Reprenons notre exemple plus haut. Vous devez configurer « david@exemple.com » pour qu’elle soit votre adresse catch-all. Elle servira donc à récupérer tous les emails envoyés au nom de domaine « exemple.com », mais dont les adresses sont inexactes, car mal écrites.

Attention, sachez que de nombreux services d’hébergement d’emails n’acceptent plus la création d’une adresse catch-all en raison du trop grand nombre d’abus de la part des spammeurs envoyant des emails à des adresses générées de manière aléatoire.

Catch-all avec ou sans bounce ?

Il y a deux manières de configurer votre catchall :

  1. Sans bounce ; le domaine est invérifiable et le catch-all indétectable par les personnes qui envoient les emails. Elles ne peuvent donc pas savoir si l’adresse utilisée existe ou pas, même en effectuant un test de validité, et ne recevront pas de message de bounce en cas d’erreur.
  2. Avec bounce, l’adresse catch-all n’est pas détectable lors de la phase de test d’envoi, mais le sera au moment de l’envoi réel.
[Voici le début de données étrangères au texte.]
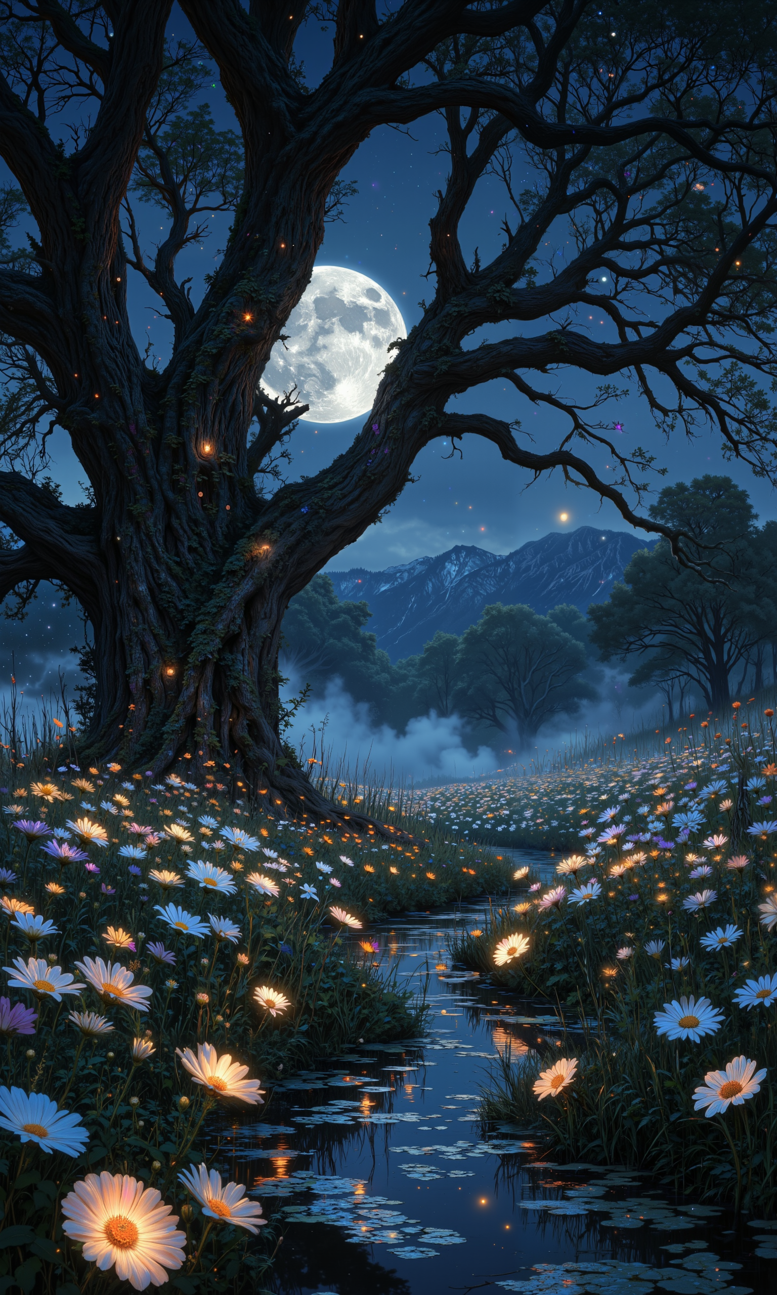 Ethereal moonlit meadow, luminous fireflies dancing over a sea of iridescent wildflowers. Silvery mist curls around ancient oak trees, their gnarled branches reaching skyward. Soft, cool moonlight bathes the scene, creating a dreamy atmosphere. Delicate dewdrops glisten on petals and blades of grass. A gentle breeze carries the sweet scent of night-blooming jasmine. Tiny nocturnal creatures peek out from lush foliage. Stars twinkle in the deep indigo sky, mirrored in a tranquil pond. Hyper-detailed 8K rendering, masterful composition, intricate textures, and sublime lighting. Photorealistic quality with a touch of fantasy. <lora:Rainbow_on_black_style-000003:0.7> <lora:Semi-realisticPortraitPainting:0.8> <lora:Blue_Future:0.3> <lora:flux.1_lora_flyway_Epic-detail_v2:0.3> <lora:FluxFantasyDetailerV2:0.5> <lora:flux_dev:1>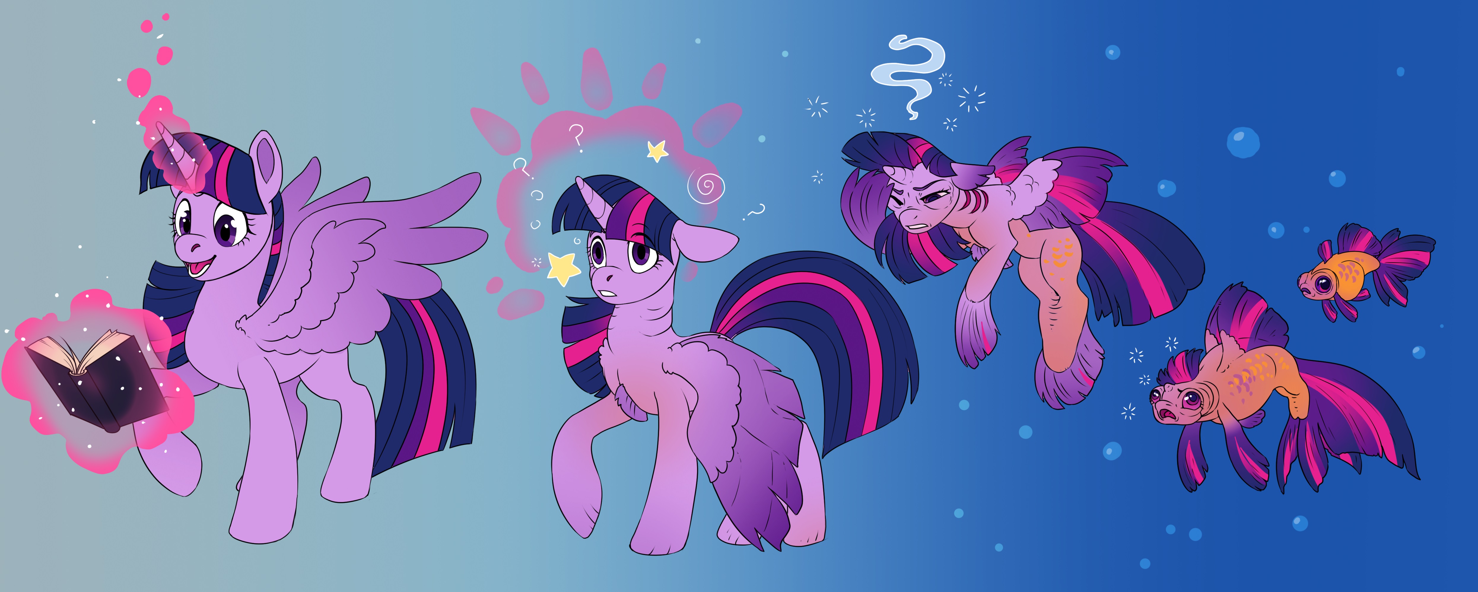 …What had she been trying to do again?Twilight shook her head, trying to jostle loose the faint fuzzy feeling that had started. … when had it started? She couldn’t remember how long it had been since… What had she been doing? …Oh, right. She had been casting a spell. … What had the spell been about? She was having trouble recalling…Twilight shook her head again. Or, she got the feeling it was “again.” Hadn’t she just done that? The motion made her dizzy, and she stumbled in the fetlock high water. …water? Since when had she been standing in water? … Where.. was she? How… had she… gotten here?What had she just been doing again?Her eyes felt puffy, and her horn was tingling. She thought there must be a reason. Something that she had just done.. but… She couldn’t… remember.Twilight’s legs felt weak. Wobbly. She was sloshing around the belly deep water as she swayed from side to side. Her head felt thick and fuzzy. Her horn tingled, spreading a numb, creeping feeling throughout her skull. She tried to raise a hoof to her head to rub at her aching horn, but she could barely feel it.Her horn felt… small. Smaller than it should be. At least, she thought it should be bigger than that. Her puffy eyes wouldn’t focus right, but her hoof looked odd. It seemed… flatter. wobblier. the color was off. Twilight squinted at it for a moment as water lapped up her neck and into her gills.… What had she just been doing again?… Something was wrong. Twilight was sure of it. There was something that had happened, or maybe was happening? Would happen? She… She wasn’t sure…Something was wrong…What had she just been doing again?Twilight looked down at her limbs. Something seemed wrong with her tail. Her… legs? Her… tail? Were her legs merging into her tail?… She had… legs.. right? … She couldn’t remember……What had she just been doing again?Twilight felt her face distort and stretch. her wings… her fins… her wings were merging into one dorsal fin… something was wrong… was something wrong?Something was wrong. Twilight was sure something was wrong. She couldn’t remember… she couldn’t remember…That was it. Wasn’t it? She couldn’t remember. remember… remember what? What had fish… what had Twifish… what had Twilight forgotten?Twish’s eyes bulged as she strained to remember… to remember…What had Fish-light been doing again?She… it… she… had to… remember something. Something… what had she been trying to remember?Tish had been trying to remember it’s name! It could remember that! It was… It was…Fish couldn’t remember.…What had fish been doing again?

L’expéditeur recevra alors un retour d’email avec message d’erreur.

Devriez-vous inclure les adresses catch-all dans vos campagnes d’emailing ?

Il y a des avantages et des inconvénients à cela. Seul l’envoi réel vous permettra éventuellement de savoir si votre email bounce ou pas. De plus, même s’il ne bounce pas, vous ne pourrez pas être totalement sûrs que le message a bien été réceptionné par la personne visée. Quoi qu’il en soit, envoyer des emails à des adresses catch-all ne constitue pas en soit un risque réel et ne devrait pas trop affecter votre réputation d’expéditeur, sauf si vous continuez de faire des envois sur les bounces, ou si les adresses invalides sont trop nombreuses. Votre email peut aussi tout simplement arriver à la bonne personne et ne sera au moins pas perdu.
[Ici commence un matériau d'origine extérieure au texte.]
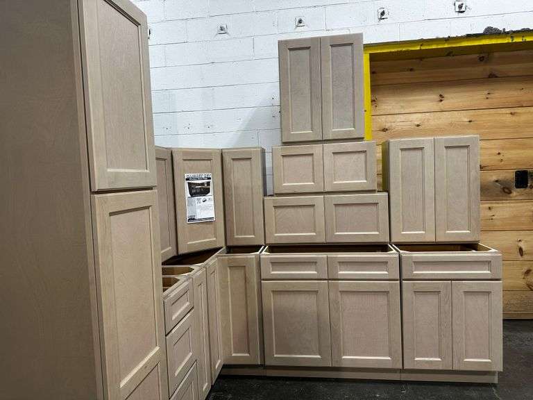 Sonona Wheat Kitchen Cabinet Set 10'x12'. Classic Layout, 30" Walls, By GHI, Designed for superior durability and functionality, these cabinets feature solid hardwood face frames with mortise and tenon construction, reinforced with glue and nails for exceptional stability. Thick multi-ply hardwood plywood tops, bottoms, and end panels are precisely added into the face frame, ensuring a secure and seamless fit. The adjustable shelves, crafted from edge-banded multi-ply hardwood plywood, exceed industry standards, while the sturdy back panels are routed, glued, and nailed for enhanced durability. 6mm fluted metal shelf clips provide secure, adjustable shelving in 2-inch increments. The solid hardwood shaker-style doors are fitted with 110-degree full overlay concealed hinges, featuring soft-closing dampers for smooth, silent operation. Dovetail-constructed drawer boxes, made from solid hardwood with plywood bottoms, are paired with soft-closing undermount full-extension glides, ensuring effortless functionality. Wood base corner brackets and solid hardwood hanging strips further reinforce the structural integrity of these cabinets. Enclosed in each cabinet set will be a Build Sheet which lists the individual cabinets in each set. As the cabinets are palletized each cabinet will be checked off and signed by our staff member to ensure that the set is complete at the time of pick-up. Please keep this Build Sheet on hand because it will be required if there is an issue with your cabinet set. Cabinet issues will not be addressed without this build sheet. Weight: x. Sold by: Set. Sold as: Price x Quantity.
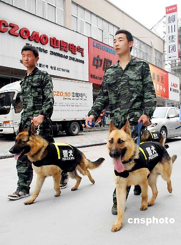 近日,浙江溫州市樂(lè)清公安局首次將警犬投入到社會(huì)治安管理中。首批4條警犬分為兩組:一組負(fù)責(zé)樂(lè)清柳市車(chē)站周邊的巡邏,另一組配合警方設(shè)卡和對(duì)可疑人員的追蹤、圍堵。2009年4月份,樂(lè)清警方專門(mén)成立了警犬基地,由保安公司負(fù)責(zé)飼養(yǎng)與日常管理。目前,警犬基地已從南京軍區(qū)購(gòu)買(mǎi)20只警犬,每只身價(jià)都在萬(wàn)元以上,多為體型強(qiáng)壯勻稱、勇敢無(wú)畏的德國(guó)牧羊犬。據(jù)介紹,這20只護(hù)衛(wèi)犬主要用于溫州樂(lè)清的警戒、巡邏等,其中4只首批受訓(xùn)成功投入使用。中新社發(fā) 許勛磊 攝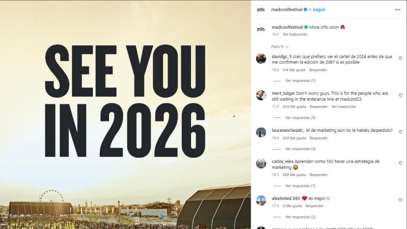 El festival madrileño, amigo de los juegos y el suspense a la hora de desvelar sus carteles, ha vuelto a sorprender y lo ha hecho desconcertando a sus fans con dos extrañas publicaciones en las que se lee "See you in 2025" y "See you in 2026" junto con el mensaje "more info soon" (más información pronto).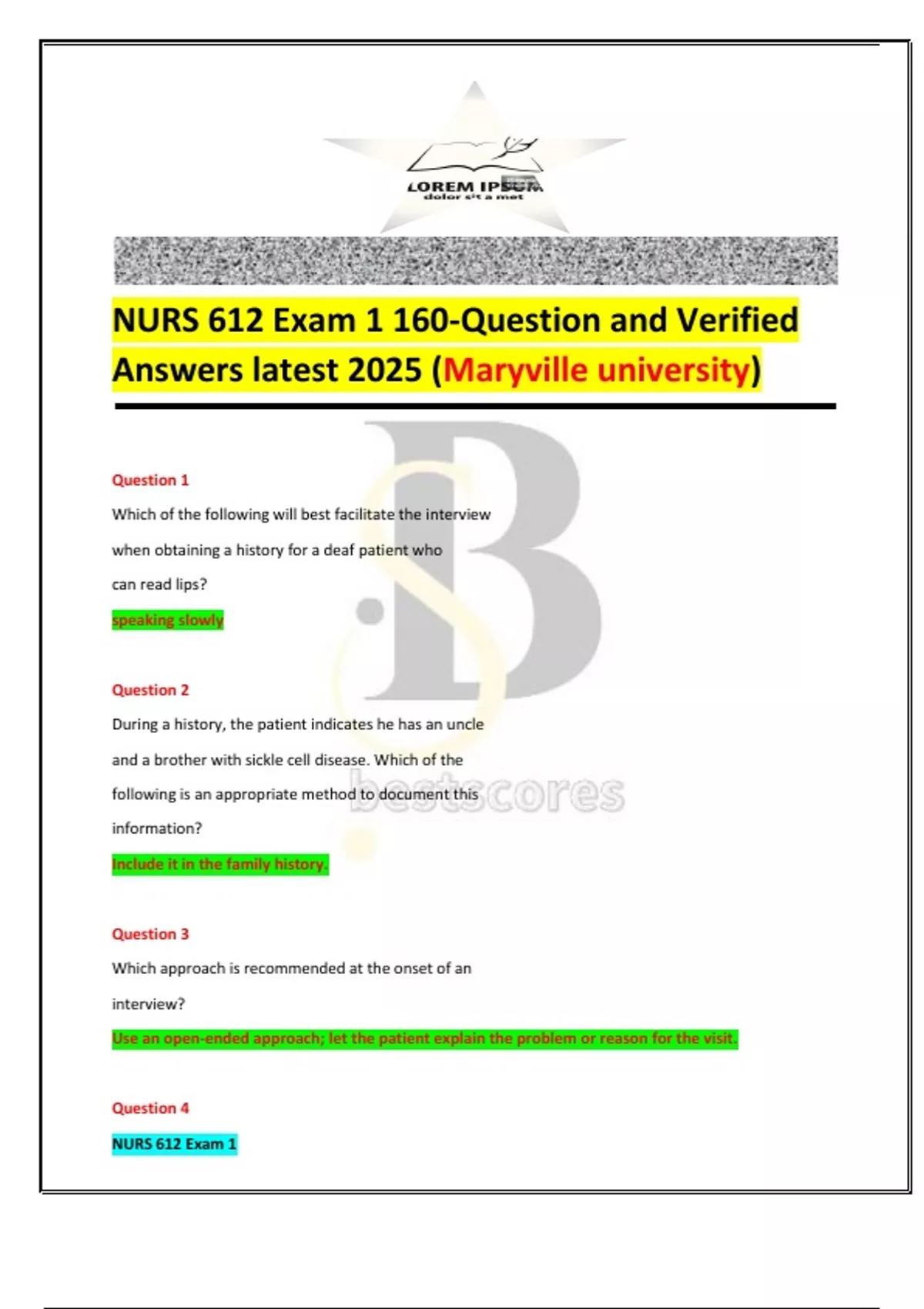 NURS 612 Exam 1 160-Question and Verified Answers latest 2025 (Maryville university) Question 1 Which of the following will best facilitate the interview when obtaining a history for a deaf patient who can read lips?

Pour mettre toutes les chances de votre côté, vérifiez votre liste avant de lancer la campagne, assurez-vous qu’elle soit saine, en tout cas le plus possible. Regardez la façon dont les emails ont été collectés. Si ce sont par exemple des adresses renseignées par des personnes inscrites à vos communications, le nombre d’emails invalides sera bien moins élevé (moins de rebonds) que s’il s’agit d’adresses provenant de listes de diffusion achetées ou louées. Cela vaut encore plus si vous avez utilisé l’opt-in ou le double opt-in.

Essayez également de savoir à quel moment vous avez obtenu ces contacts. Une adresse obtenue il y a plusieurs années à plus de chance d’être obsolète qu’une adresse obtenue récemment.

Sachez enfin que CaptainVerify permet de vérifier au préalable les adresses de vos contacts.

Au lieu d’éliminer un grand nombre de contacts potentiellement significatifs pour votre campagne, vous pouvez commencer à vous familiariser avec le catch-all, voire à l’apprivoiser, en intégrant par exemple un pourcentage défini d’emails collecteurs dans votre liste d’envoi. Si les résultats sont positifs, vous pourrez alors augmenter ce pourcentage. L’essentiel est de garder vos listes propres, de toujours effectuer des tests et au préalable, et d’avoir des emails catch-all valides pour eventuellement faire de la segmentations.